ASSIGNED TASK => Whatever pictures appear, omit them, and repeat the data below exactly.

===== THE DATA

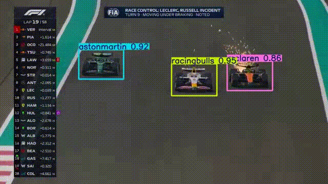 En este proyecto se implementó un modelo de detección de objetos entrenado con imágenes de monoplazas de F1, utilizando la arquitectura YOLOv8. El modelo fue entrenado con un dataset de imágenes de monoplazas de F1 temporada 2025, y fue capaz de detectar los equipos de F1 con un alto grado de precisión.
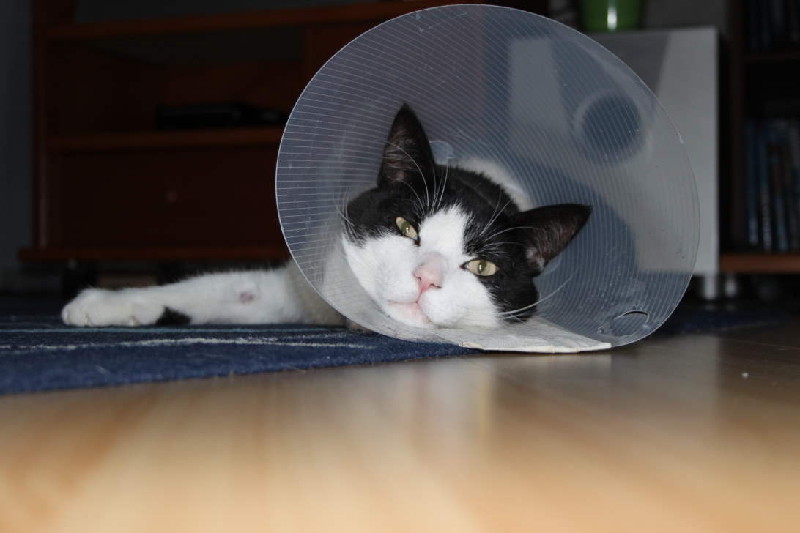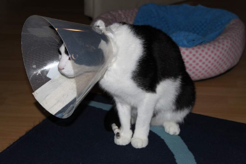 Wir haben damals, nachdem unsere Katze nur noch rückwärts lief, Erbarmen gehabt, den Trichter abgebaut und ihr ein festen Adhäsionsverband angelegt.
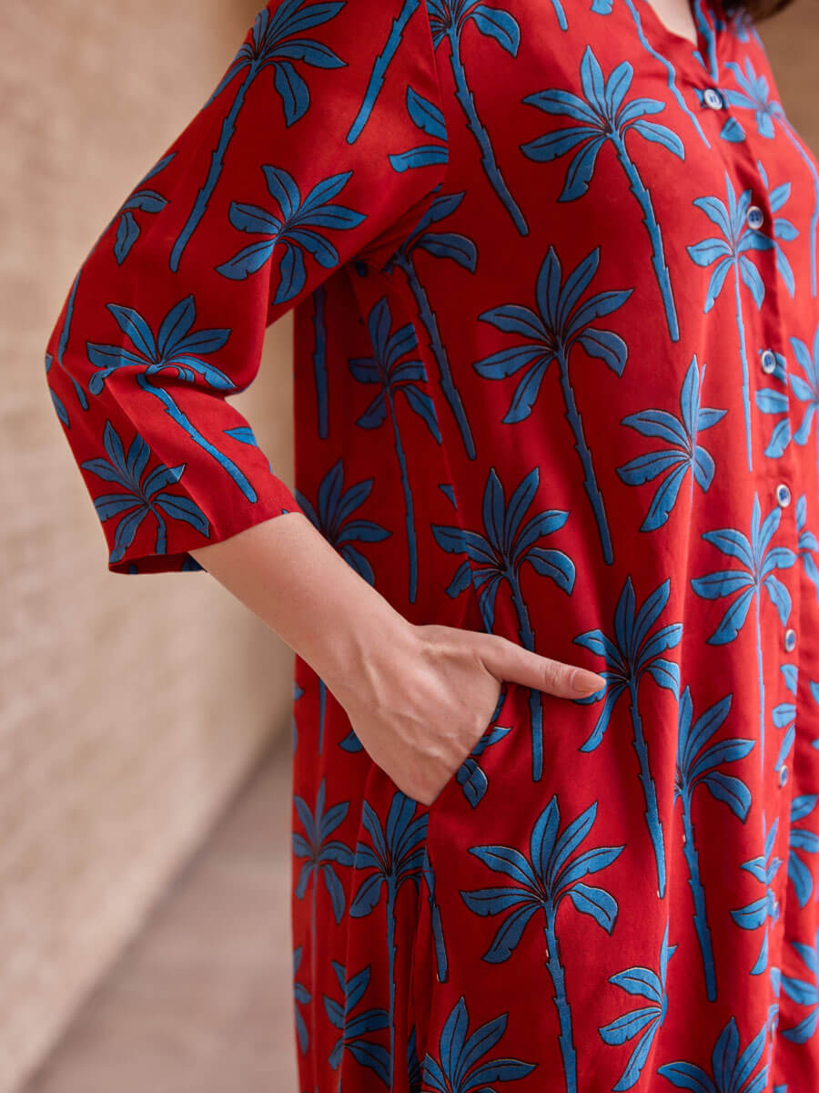 • Rich brick red and indigo palette; slight color variation is natural in handcrafts
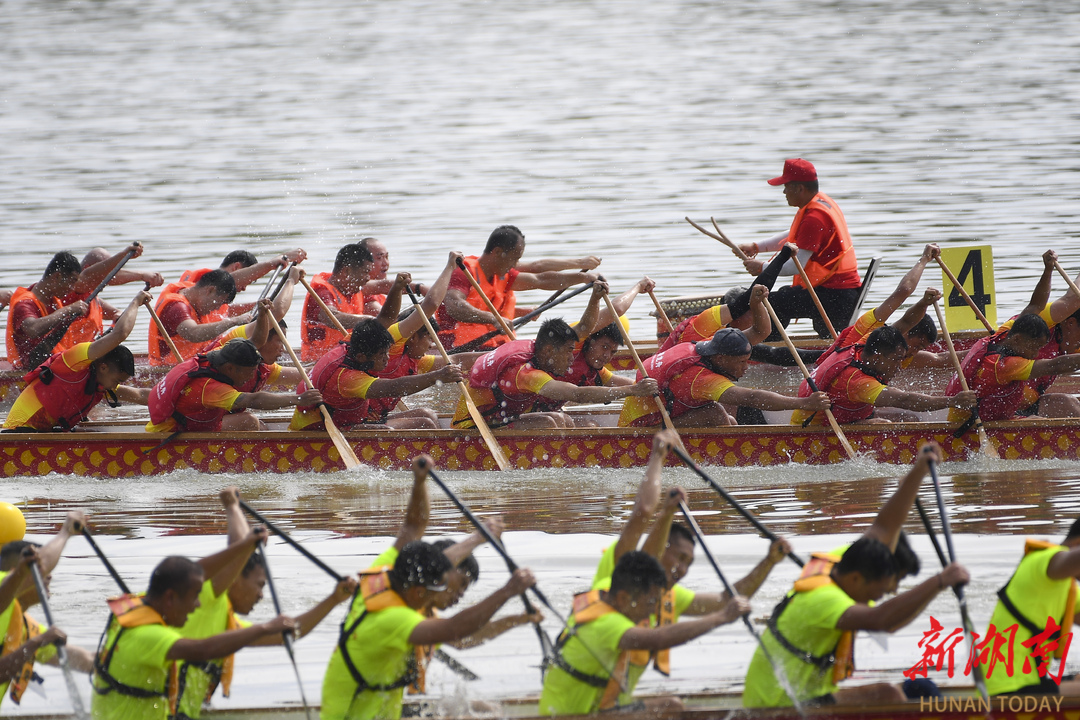 6月21日,汨罗江国际龙舟邀请赛国内组竞争十分激烈。湖南日报·新湖南客户端记者 辜鹏博 摄
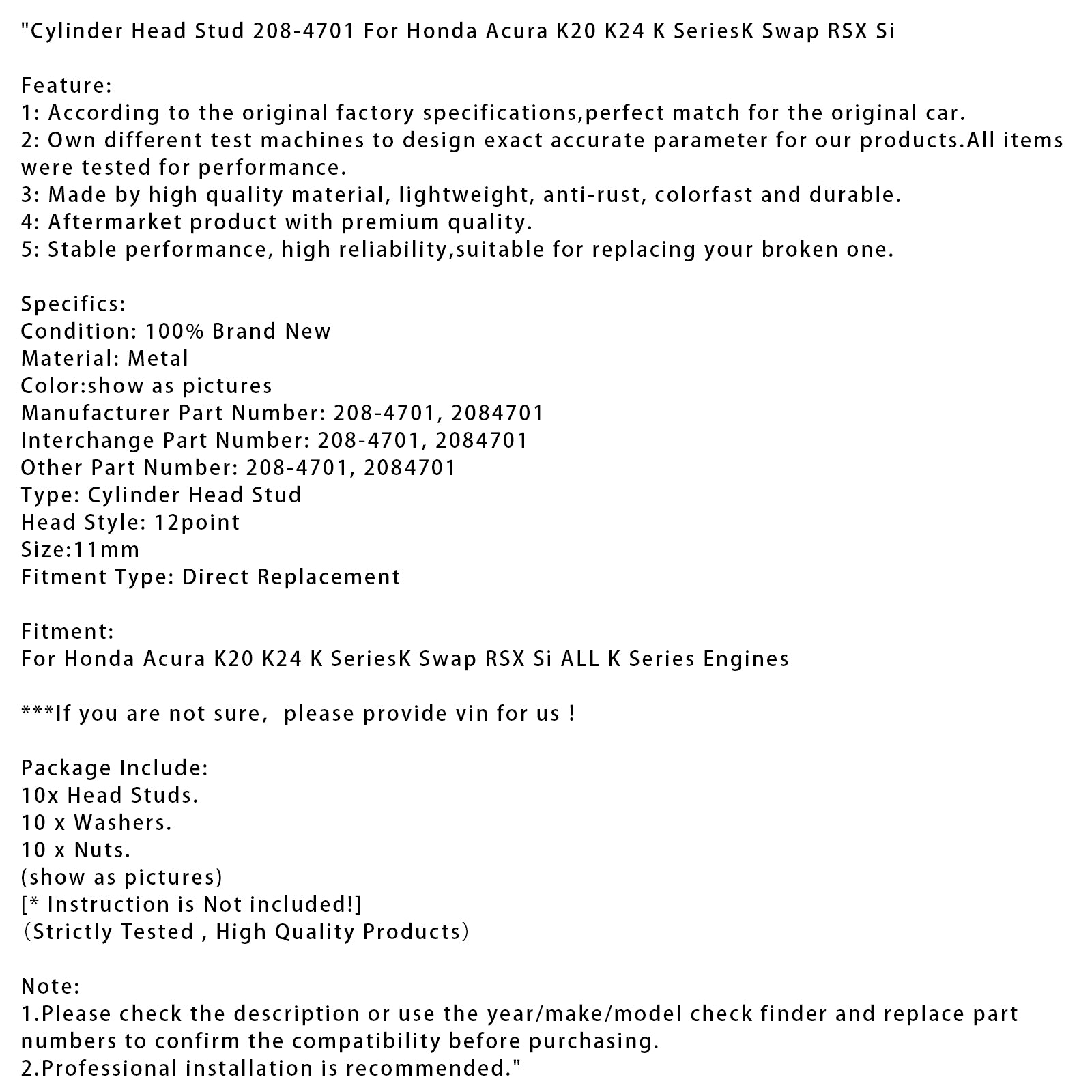 Cylinder Head Stud 208-4701 For Honda Acura K20 K24 K SeriesK Swap RSX Si

==========

REPLY =>
 En este proyecto se implementó un modelo de detección de objetos entrenado con imágenes de monoplazas de F1, utilizando la arquitectura YOLOv8. El modelo fue entrenado con un dataset de imágenes de monoplazas de F1 temporada 2025, y fue capaz de detectar los equipos de F1 con un alto grado de precisión.
 Wir haben damals, nachdem unsere Katze nur noch rückwärts lief, Erbarmen gehabt, den Trichter abgebaut und ihr ein festen Adhäsionsverband angelegt.
 • Rich brick red and indigo palette; slight color variation is natural in handcrafts
 6月21日,汨罗江国际龙舟邀请赛国内组竞争十分激烈。湖南日报·新湖南客户端记者 辜鹏博 摄
 Cylinder Head Stud 208-4701 For Honda Acura K20 K24 K SeriesK Swap RSX Si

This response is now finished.